Crise financière au Portugal, prix de l’électricité en France : l’Europe dont nous ne voulons pas PDF Imprimer Envoyer
Écrit par Richard Yung   
Samedi, 26 Mars 2011

Au Portugal, l’Europe fait face à une situation paradoxale. Un premier ministre, José Socrates, qui a présenté en fin de semaine un 4ème plan d’austérité à son parlement. Celui-ci sous l’action de la droite l’a rejeté. Le gouvernement social-démocrate de M. Socrates est donc démissionnaire.

Jose Socrates PortugalEn même temps, la pression des marchés, la crainte d’une dégradation de la situation des banques espagnoles, lourdement engagées envers le Portugal, pousse Bruxelles à proposer un plan de sauvetage financier au Portugal. Mais M. Socrates refuse, car il considère que ses propositions permettent de faire face aux déficits publics sans avoir à passer sous les fourches caudines de Bruxelles et du FMI.

Comme il y aura de nouvelles élections générales et qu’un nouveau gouvernement ne sera formé au mieux que mi-juin, que va t il se passer ? M. Socrates a sans doute raison de refuser les plans que les gouvernements de droite qui sont majoritaires en Europe veulent lui imposer au nom de la pensée unique économique et du dogme de la vertu allemande. Il a mené une politique sévère d’assainissement des finances publiques. Que faut-il de plus ? Tuer le cheval pour satisfaire les gnomes de Zurich ?

M. Socrates est plus à même de juger ce que le peuple portugais peut accepter comme sacrifices en termes de pouvoir d’achat et de fiscalité. Ce qu’il faut au Portugal, c’est retrouver 3 à 4% de croissance, la création de dizaines de milliers d’emplois. C’est ainsi qu’il pourra réduire ses différents déficits et rembourser sa dette souveraine. Ce n’est décidemment pas cette Europe là que nous voulons.

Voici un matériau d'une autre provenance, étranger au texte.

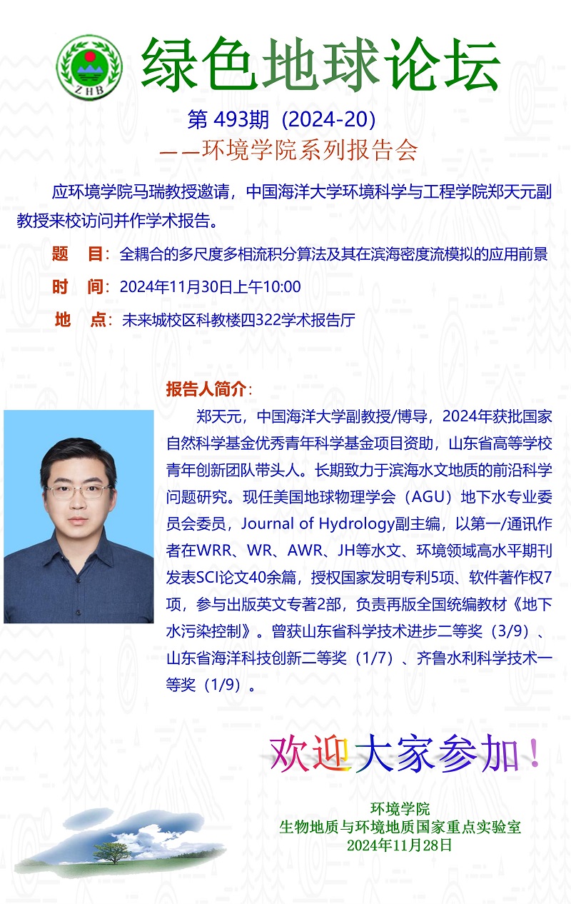 中国海洋大学环境科学与工程吃瓜网 郑天元副教授学术报告

La même Europe qui cherche à imposer à la France une politique des prix de l’énergie qui marche sur la tête. Au nom de la libre concurrence, elle veut obliger EDF à vendre son électricité à ses soi disant « concurrents », en fait des sociétés intermédiaires qui n’investissent pas ni ne produisent mais qui prennent des marges pour la revente et permettent aux financiers de s’enrichir. Et cela à un prix plus élevé que le prix actuel.

Le tarif français est, grâce au nucléaire, de 25% inférieur au prix moyen au Europe. L’idée de Bruxelles est donc que la France augmente ses tarifs de 5 à 6% par an pendant les 5 prochaines années pour rejoindre la moyenne européenne. Cela permettra à beaucoup d’acteurs du marché de se remplir les poches inutilement. Voilà donc un autre exemple où la concurrence aboutit à une augmentation plus forte des tarifs payés par le consommateur, où les intermédiaires inutiles s’engraissent sur notre dos, et où Bruxelles, devenu le chantre de l’ultra libéralisme, joue le vilain rôle. Non, l’Europe, notre Europe, ce n’est pas cela !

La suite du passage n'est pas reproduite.